Infinite set: A set that has an infinite number of elements is called an infinite set.

Example:

- The set of rational numbers.
- The set of powers of \(2\).
- The set of multiples of \(6\).
- The collection of all even integers.

Set notation: A set is denoted by capital letters English alphabets \(A, B, C, D,...\)

Elements: Elements of the sets are denoted by small letters English alphabets \(a, b, c,...\)

Also, elements of the set should be written inside the curly brackets $\left\{\right\}$.

Important!

Suppose the element \(x\) lies in the set \(A\), then we can say that as \(x\) belongs to the set \(A\). That is, \(x\)$\in $\(A\).

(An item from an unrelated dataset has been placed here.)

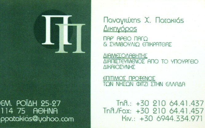 customer tabsΕπικοινωνίαΔικηγόροι και Δικηγορικά ΓραφείαΔιαπιστευμένος ΔιαμεσολαβητήςΥπηρεσίεςΡοΐδη Εμμανουήλ 25, ΑθήναΑΘΗΝΑ ΑΤΤΙΚΗΣΑΤΤΙΚΗ 2106441437 69443349712106441457ppatakias@yahoo.com Το προτείνω (έχει προταθεί 0 φορές) ΦωτογραφίεςFacebook LikeShare on FacebookTweet Widget

Suppose the element \(x\) doesn't lie in the set \(A\), then we can say that \(x\) does not belong to the set \(A\). That is, \(x\)$\notin $ \(A\).

Example:

Consider the set $A\phantom{\rule{0.147em}{0ex}}=\left\{2,\phantom{\rule{0.147em}{0ex}}4,\phantom{\rule{0.147em}{0ex}}6,\phantom{\rule{0.147em}{0ex}}8,\phantom{\rule{0.147em}{0ex}}10\right\}$.

Here \(2\) is an element of \(A\). That is $2\in A$.

\(4\) is an element of \(A\). That is $4\in A$.

\(6\) is an element of \(A\). That is $6\in A$.

\(8\) is an element of \(A\). That is $8\in A$.

\(10\) is an element of \(A\). That is $10\in A$.

But the element \(5\) doesn't belong to \(A\). That is $5\notin A$.